* [What the task requires]: Write out the following listing's lines from the one with "The image shows" to the one with "Těšínští hasiči zachraňovali", exactly, with both included and no others.

* [Data section]:
┄┄┄┄┄┄┄┄┄┄┄┄┄┄┄┄┄┄┄┄

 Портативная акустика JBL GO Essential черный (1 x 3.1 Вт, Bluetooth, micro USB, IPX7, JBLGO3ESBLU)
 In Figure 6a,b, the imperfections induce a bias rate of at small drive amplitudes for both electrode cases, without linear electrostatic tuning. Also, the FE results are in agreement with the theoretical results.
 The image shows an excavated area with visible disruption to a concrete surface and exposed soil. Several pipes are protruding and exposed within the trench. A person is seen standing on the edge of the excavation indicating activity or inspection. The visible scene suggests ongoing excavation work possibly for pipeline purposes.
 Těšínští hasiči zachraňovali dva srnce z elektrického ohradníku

┄┄┄┄┄┄┄┄┄┄┄┄┄┄┄┄┄┄┄┄

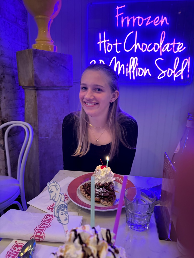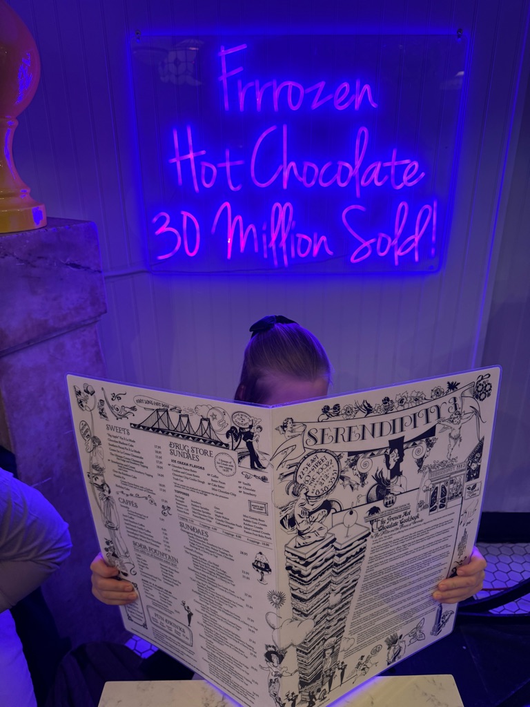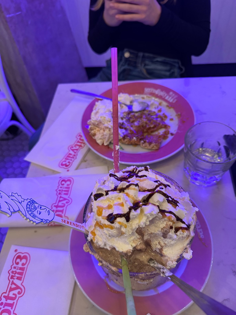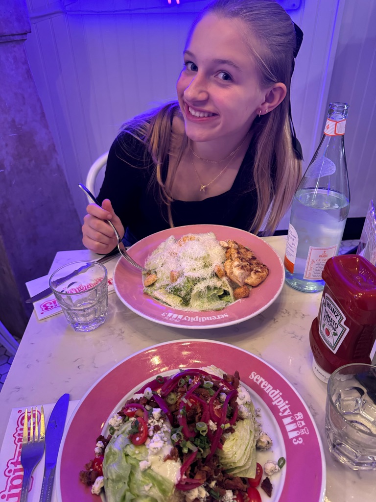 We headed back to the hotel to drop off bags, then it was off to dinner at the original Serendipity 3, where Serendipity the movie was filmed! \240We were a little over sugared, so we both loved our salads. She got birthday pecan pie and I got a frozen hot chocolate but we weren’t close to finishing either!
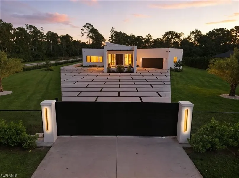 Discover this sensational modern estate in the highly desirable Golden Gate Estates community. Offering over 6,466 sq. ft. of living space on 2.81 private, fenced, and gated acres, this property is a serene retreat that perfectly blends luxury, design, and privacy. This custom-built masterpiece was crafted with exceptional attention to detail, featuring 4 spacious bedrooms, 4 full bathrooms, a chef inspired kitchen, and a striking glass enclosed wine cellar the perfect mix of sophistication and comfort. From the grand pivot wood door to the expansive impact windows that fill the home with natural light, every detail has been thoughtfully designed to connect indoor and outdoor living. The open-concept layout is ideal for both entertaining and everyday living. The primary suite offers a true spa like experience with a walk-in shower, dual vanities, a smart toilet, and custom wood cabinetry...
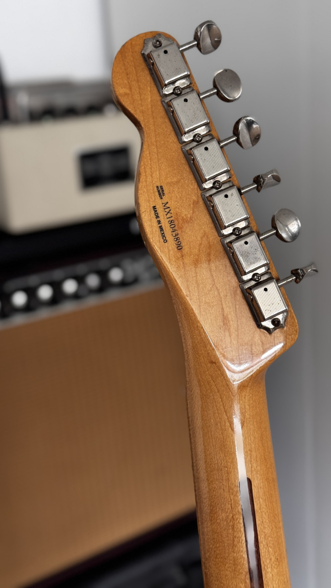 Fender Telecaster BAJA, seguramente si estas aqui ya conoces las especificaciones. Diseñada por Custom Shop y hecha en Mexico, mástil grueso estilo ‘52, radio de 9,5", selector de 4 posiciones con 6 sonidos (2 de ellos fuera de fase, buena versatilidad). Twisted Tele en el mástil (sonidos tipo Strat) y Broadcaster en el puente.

┄┄┄┄┄┄┄┄┄┄┄┄┄┄┄┄┄┄┄┄

* [Written solution]:
 The image shows an excavated area with visible disruption to a concrete surface and exposed soil. Several pipes are protruding and exposed within the trench. A person is seen standing on the edge of the excavation indicating activity or inspection. The visible scene suggests ongoing excavation work possibly for pipeline purposes.
 Těšínští hasiči zachraňovali dva srnce z elektrického ohradníku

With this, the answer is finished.